The Toronto-listed company said the latest order for a Seaway-Max self-unloading vessel would be based on an upgraded version of its Equinox design.
Construction of the ship will begin in late 2022 and the vessel is expected to join the fleet at the beginning of the 2024 navigation season.
“Triggering the option now enables Algoma to lock in a building slot with ideal delivery timing,” the shipowner said in a statement.
The new vessel is scheduled to replace the 34,066-dwt Algoma Transport (built 1979), one of the oldest vessels in the Algoma dry bulk fleet. Financial terms were not disclosed.
The new Equinox 2.0 design is said to build on the original Equinox Class standards to achieve better fuel efficiency, improved speed at lower engine power and enhanced deadweight capacity.
Design changes include various weight-saving innovations and a reconfigured stern that incorporates a dual-rudder design to increase cargo-hold size, resulting in an increase in the capacity of the vessel by about 1,440 tonnes.
Algoma said other design improvements include an efficiency upgrade to the propeller and changes in the shape of cargo holds to improve the handling of certain “sticky” cargoes.

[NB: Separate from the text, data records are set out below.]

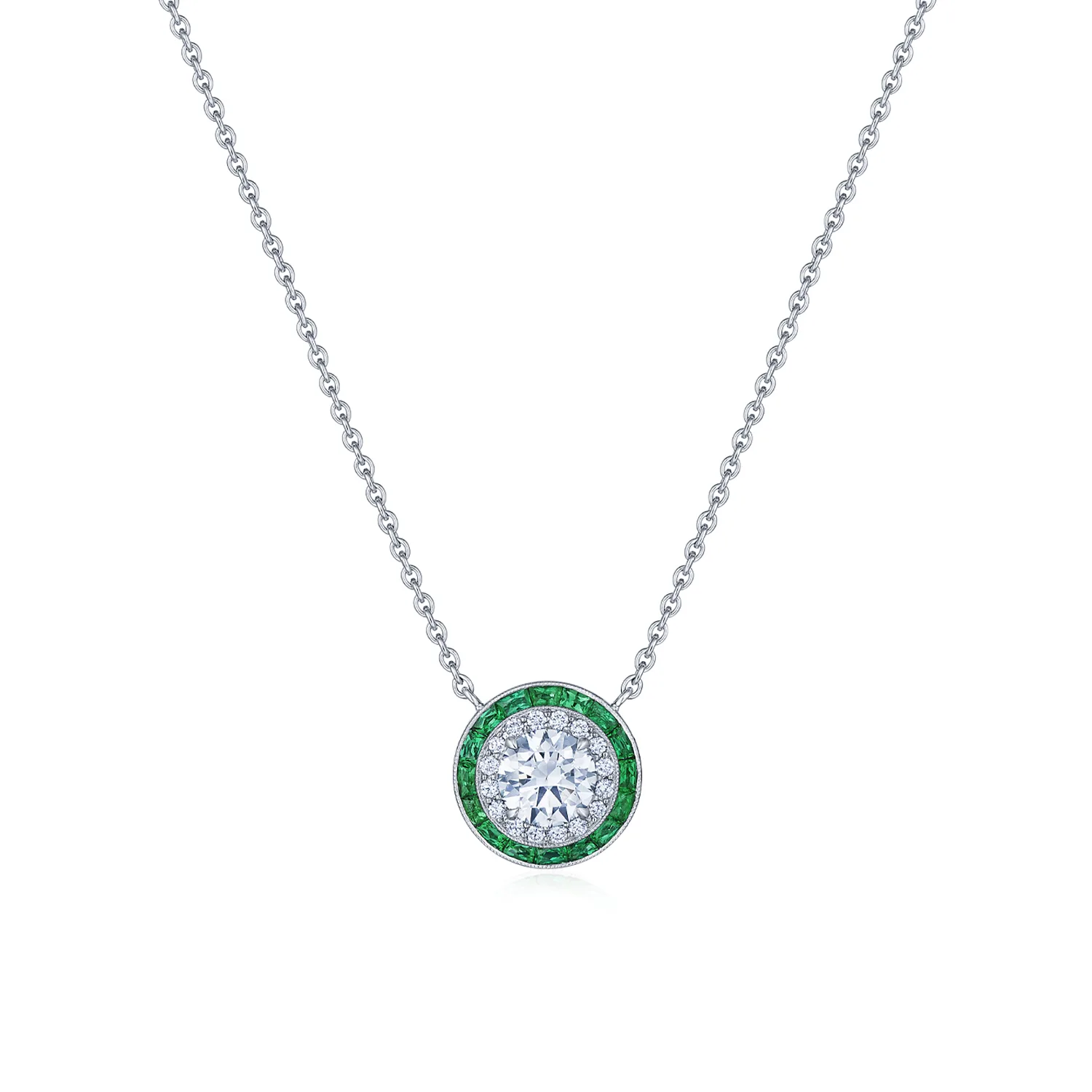 Silhouette Round Diamond and Emerald Halo Pendant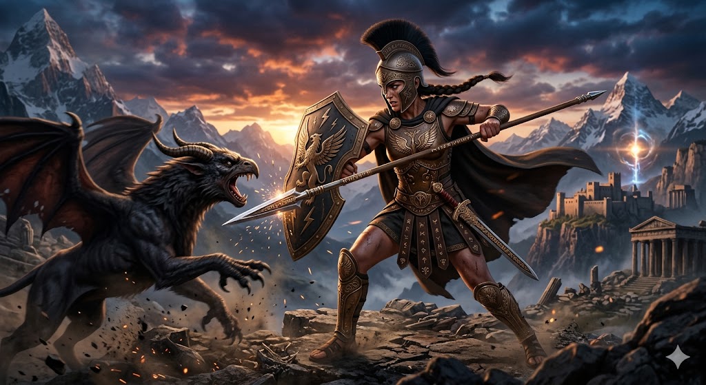 A user shares an image of a mythological warrior generated by Nano Banana Pro (Gemini 3 Pro Image). The prompt was generated by the 'chef' (Gemini) using its own sense and discretion, incorporating elements like the intelligence of Athena, the protection of a Griffin's shield, and confronting chaos (monsters). The prompt is a list of descriptive concepts.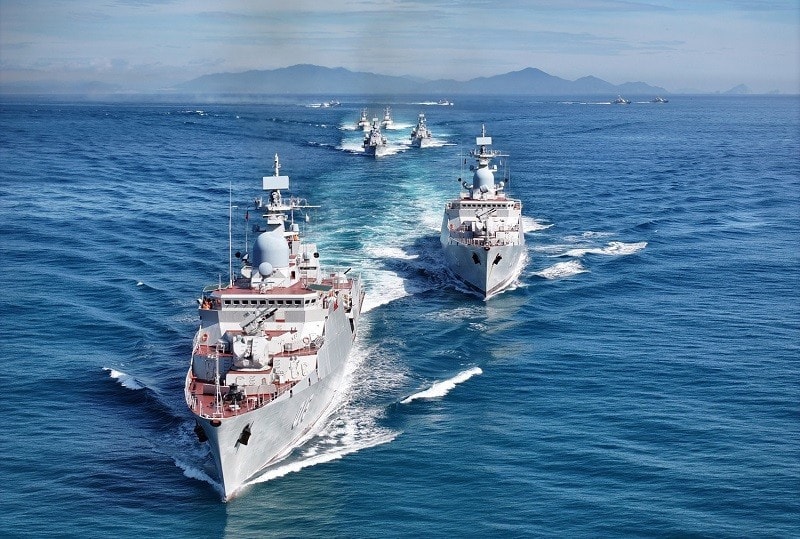 Hai tàu hộ vệ tên lửa hiện đại 015 - Trần Hưng Đạo và 016 - Quang Trung của Lữ đoàn 162, Vùng 4 Hải quân dẫn đầu các chiến hạm luyện tập vận động đội hình trên biển. (Ảnh: QUÂN CHỦNG HẢI QUÂN)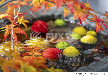 秋の熊野大社 鮮やかな手水舎 山形県南陽市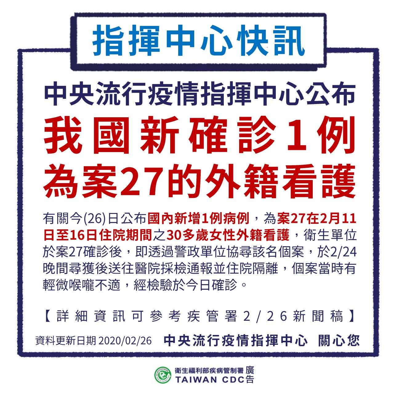 今(26)日公布國內第32例COVID-19(武漢肺炎)確定病例,為案27在2/11-2/16住院期間之30多歲女性外籍看護,衛生單位於案27確診後,即透過警政單位協尋該名個案,於2/24晚間尋獲後送往醫院採檢通報並住院隔離,個案當時有輕微喉嚨不適,經檢驗於今日確診。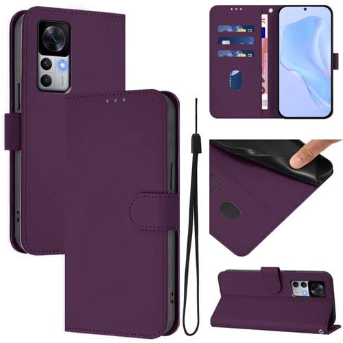 Funda de Piel Sintética con Cordón para Xiaomi 12T/12T Pro, Color Liso, con Tacto de Piel (Violeta)
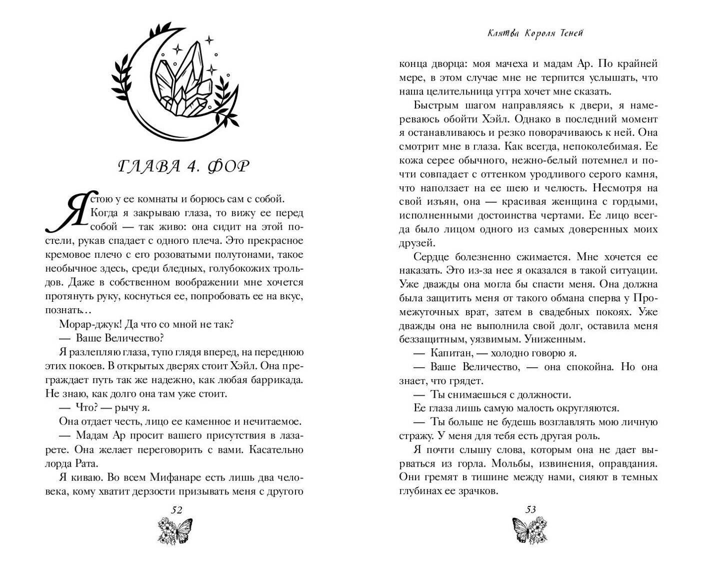 Продолжение романтической и полной загадок фэнтези-трилогии «Король Теней». Готовьтесь погрузиться в сказку о предательстве, разбитых сердцах и запретной любви. История для всех поклонников слоуберна, а также фанатов Элис Ковы и Дженнифер Арментроут. Когда обман Фэрейн раскрывают, девушка становится пленницей в Подземном королевстве, во власти новоиспеченного мужа. Она окружена врагами, а единственный шанс на выживание - убедить Фора отослать ее домой. Но отказ от союза принесет погибель народу Фэрейн. Король Теней не хочет иметь ничего общего со смертной, на которой женился, сам о том не подозревая. Раньше он думал, что мог бы ее полюбить, но предательство девушки все изменило. Однако, когда обстоятельства вынуждают их провести больше времени вместе, кровь Фора закипает от чувств, которые ему не хочется признавать. Могут ли два потерянных сердца найти друг в друге исцеление и надежду? Или же их любовь обречена? Вас ждет уникальная история с невиданными ранее расами, мифическими существами, необычным проработанным миром и искрящейся химией между персонажами! Повествование от лица обоих героев позволит лучше погрузиться в историю.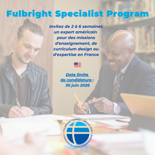 Invitez en France un expert américain de 2 à 6 semaines pour des missions d'enseignement, de curriculum design ou d'expertise dans le cadre de notre "Fulbright Specialist Program" ! De 1 à 5 bourse(s)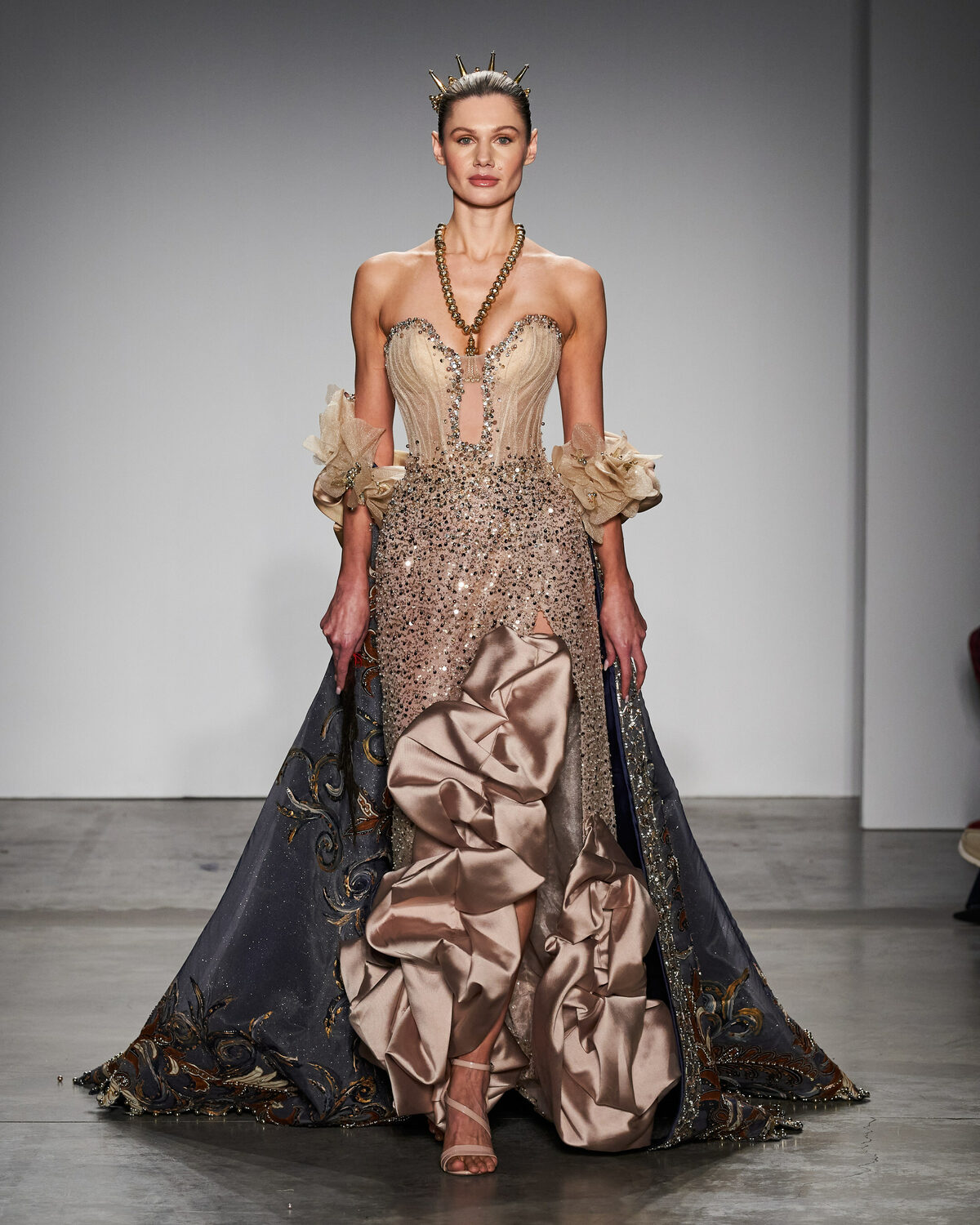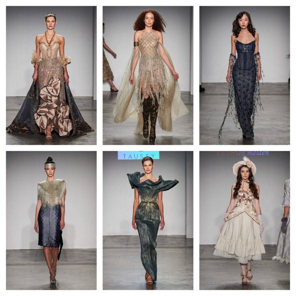 Taussy Daniel’s stunning collection of formal evening wear was a mix of wearable art, all statement pieces, and all dresses from shades of seafoam and chartreuse to more traditional colors.
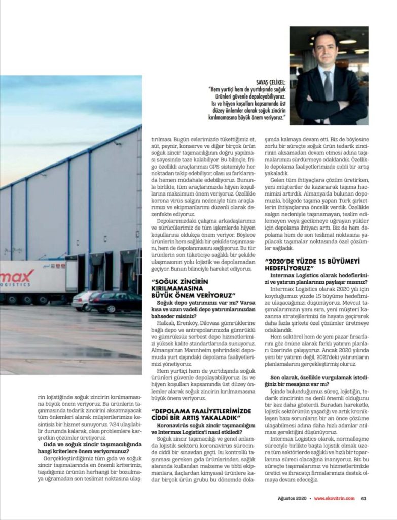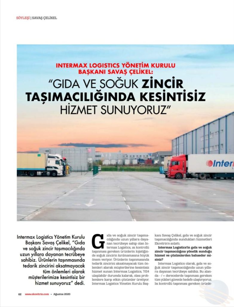 Intermax Logistics Yönetim Kurulu Başkanı Savaş Çelikel, “Gıda ve soğuk zincir taşımacılığında uzun yıllara dayanan tecrübeye sahibiz. Ürünlerin taşınmasında tedarik zincirini aksatmayacak tüm önlemleri alarak müşterilerimize kesintisiz bir hizmet sunuyoruz” dedi.

“Our in-house design team is relentless in their pursuit of improvements in our vessel designs,” said Gregg Ruhl, president and chief executive of Algoma.
“Each previous Equinox Class ship incorporated modest improvements over its predecessors, as we learned more about the vessels during construction and as they entered operations.
“The changes made for this vessel were such an improvement over the previous design that we feel adding a version number to the design name makes sense.”
Algoma said the new Equinox 2.0 ship feature important sustainability advantages that will help it “meet its greenhouse gas targets, reducing the amount of emissions per cargo tonne-kilometre”.
The shipowner said it has invested over $50m in sustaining its dry bulk business since the launch of the Equinox Class fleet renewal plan in 2010.
Algoma owns and operates the largest fleet of dry and liquid bulk carriers operating on the Great Lakes St Lawrence Waterway, including self-unloading and gearless bulkers, cement carriers and product tankers.